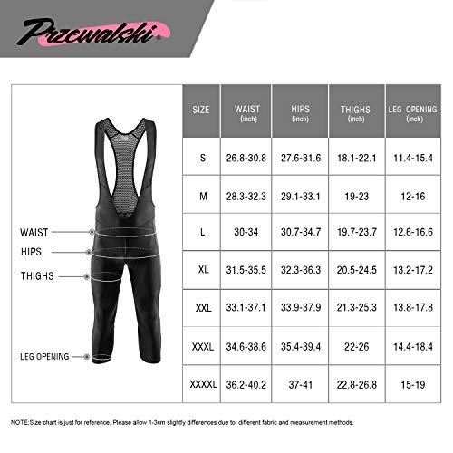 • Przewalski Men's 3/4 Capris Cycling Bib Shorts, 4D Padded Compression Bike Tights Pants, Classic Series, Black/4XL
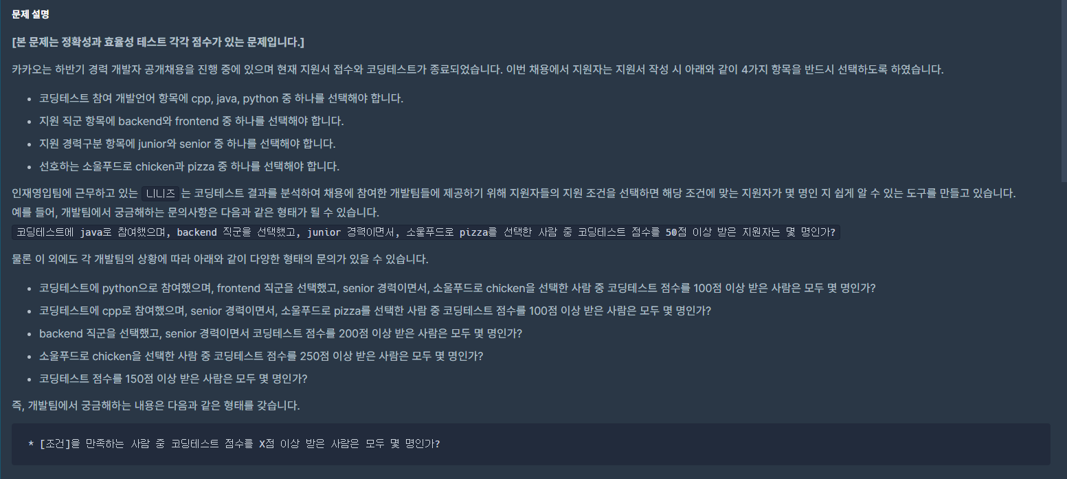 아래의 문제는 카카오 채용 코딩테스트 내용이며 코드는 직접 푼 내용입니다.
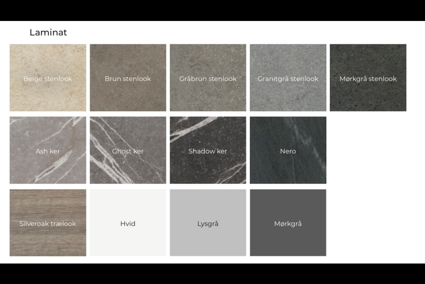 13 forskellige Højtrykslaminatplader.
****************
Output the whole of the data, unchanged; keep the pictures out.

§ Response below:
 • Przewalski Men's 3/4 Capris Cycling Bib Shorts, 4D Padded Compression Bike Tights Pants, Classic Series, Black/4XL
 아래의 문제는 카카오 채용 코딩테스트 내용이며 코드는 직접 푼 내용입니다.
 13 forskellige Højtrykslaminatplader.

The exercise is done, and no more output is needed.